The Daily Telegraph - Features
Armageddon has seldom seemed so thrilling
Civil War
Cert TBC, 109 min ★★★★★
Dir Alex Garland
Starring Kirsten Dunst, Cailee Spaeny, Wagner Moura, Stephen McKinley Henderson, Nick Offerman, Jesse Plemons It wouldn’t be fair to describe Alex Garland’s new film as Apocalypse Now for centrists – even though for some of us that sounds like the movie of the year. But it certainly is a topical Heart of Darkness journey in which the darkness’s origins and aims are beside the point.
Though it might be about societal disintegration in a near-future US, Civil War is neither an anti-Trump exemplum nor an anti-woke one. Garland, the writer and director of Ex Machina, Annihilation and Men, is defiantly uninterested in taking a side.

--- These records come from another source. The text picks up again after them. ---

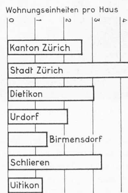
Bild 2. Anzahl der Wohnungseinheiten je bewohntes Haus 1960

Steuerkraft = Ertrag der allgemeinen Gemeindesteuer (ohne Personalsteuer) auf Steueransatz von 100 % umgerechnet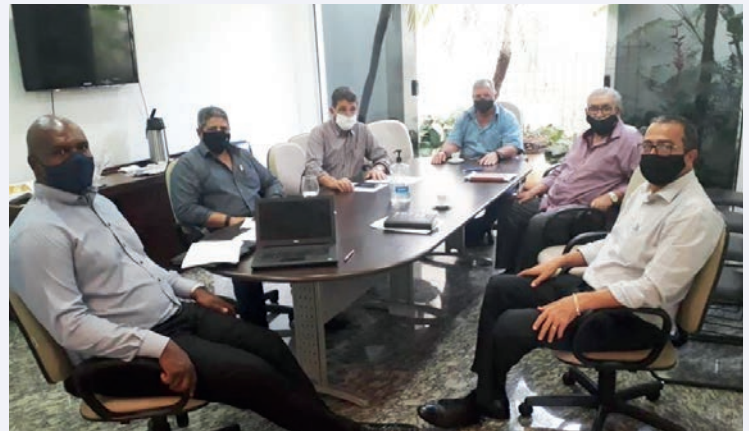
Acordo do setor de cargas foi fechado durante reunião em Uberlândia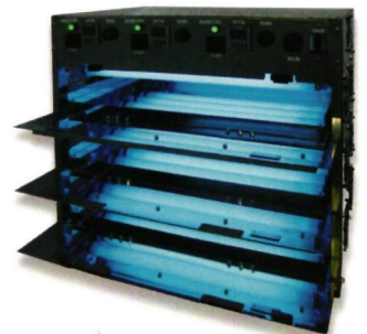
■参考例 (写真は三段仕様) 三段仕様、蛍光灯の本数など各種オーダーメイド承ります。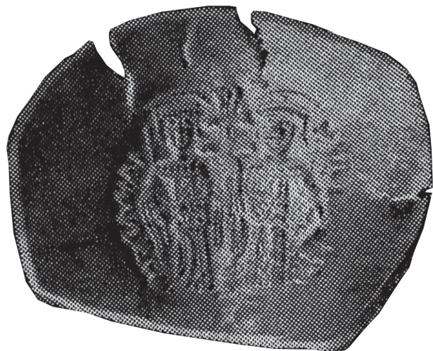
Фиг. 6. Медна голямомодулна монета, латинска имитация, с изображенията на Св.Св. Константин и Елена, намерена в Търново (по К. Дочев)

не в Солун (Фиг. 6). Впоследствие три малки, при това много късни емисии на медни торнезета от около 1400 година, две на император Мануил II Палеолог и една на императора-регент Йоан VII Палеолог, ще носят също техните изображения, но без поясняващи ги надписи 15 . Едва ли бих могъл да съставя пълен каталог с изображения на разглежданата сцена от времето, предхождащо османското нашествие на Балканите, тъй като тя вече била широко разпространена в целия православен свят, а и на Запад. Това не е и необходимо. Трябва да се отбележи обаче, че върху нито едно от познатите ми десетки изображения от периода, в сцената не са представени нито Теодосиевият обелиск, нито Змийската колона от константинополския хиподром, може би защото там никога не е имало изображения на Св.Св. Кон-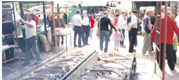
Eguerdian antxumeak erre eta pintxotan salduko dituzte.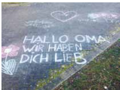
Grüße für die Oma ...

Angehörige schicken während der Corona-Krise Grüße via Straßenkreide

Rather, his film is about the business of side-taking itself, and where our growing mania for doing so leads.
It opens in chaos: beyond the concrete perimeter of the president’s White House bunker, the breakaway forces of California and Texas march on Washington, while Florida toys with a secession of its own. Whatever prompted these defections is left unexplained, which is a smart move: if given a rationale, we’d only end up siding with or against it. Instead, Garland wants us to ponder what his film blasts at us with tension and style: a vision of a self-inflicted, and ultimately also self-willed, national collapse.
Fortunately, he gives us an expert to take our cue from. Grippingly played with battlescarred detachment by Kirsten Dunst, she is Lee Smith, a seasoned photojournalist. She’s clearly modelled on her namesake, Lee Miller – and in case we miss the reference, it’s pointed out by aspiring snapper Jessie, played by an exceptional Cailee Spaeny.

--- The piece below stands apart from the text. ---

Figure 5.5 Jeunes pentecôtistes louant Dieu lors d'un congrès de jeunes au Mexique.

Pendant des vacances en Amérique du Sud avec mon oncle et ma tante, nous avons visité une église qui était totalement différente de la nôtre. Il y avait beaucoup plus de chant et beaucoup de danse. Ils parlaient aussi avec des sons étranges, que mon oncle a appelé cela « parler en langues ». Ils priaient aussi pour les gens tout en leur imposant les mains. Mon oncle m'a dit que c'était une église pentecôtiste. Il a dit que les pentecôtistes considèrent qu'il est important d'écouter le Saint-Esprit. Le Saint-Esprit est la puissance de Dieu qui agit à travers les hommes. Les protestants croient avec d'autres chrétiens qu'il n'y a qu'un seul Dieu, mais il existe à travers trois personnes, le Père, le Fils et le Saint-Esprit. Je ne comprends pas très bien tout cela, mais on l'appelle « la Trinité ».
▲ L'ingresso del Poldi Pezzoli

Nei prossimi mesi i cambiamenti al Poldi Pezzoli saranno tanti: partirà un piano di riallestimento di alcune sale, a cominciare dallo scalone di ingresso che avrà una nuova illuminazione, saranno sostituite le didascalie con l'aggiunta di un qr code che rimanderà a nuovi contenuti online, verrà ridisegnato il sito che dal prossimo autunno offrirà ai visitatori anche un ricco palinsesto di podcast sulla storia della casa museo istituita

Soon, the two are driving from
New York to Washington (while avoiding the fighting) to interview the president in his Colonel Kurtz-like outpost. Also on board are Lee’s colleague Joel (Wagner Moura) and Stephen McKinley Henderson’s reporter Sammy.

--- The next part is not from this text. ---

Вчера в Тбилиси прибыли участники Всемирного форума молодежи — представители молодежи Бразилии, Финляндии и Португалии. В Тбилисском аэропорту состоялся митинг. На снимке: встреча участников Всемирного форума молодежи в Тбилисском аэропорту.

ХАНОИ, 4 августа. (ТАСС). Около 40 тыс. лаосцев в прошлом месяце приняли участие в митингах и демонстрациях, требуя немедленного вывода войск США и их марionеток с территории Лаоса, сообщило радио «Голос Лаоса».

Civil War moves in ways you’d forgotten films of this scale could – with compassion for its lead characters and a dark, prowling intellect, and yet a simultaneous total commitment to thrilling the audience. Each leg of the journey toggles between pin-drop suspense and rivetingly frantic firefights, often staged with a mesmerisingly surreal edge. An encounter with two loyalist troopers distils the film’s point of view on points of view into a single nerve-splintering standoff: one man’s righteousness can be another’s psychopathy, and sometimes the only difference between them is your angle.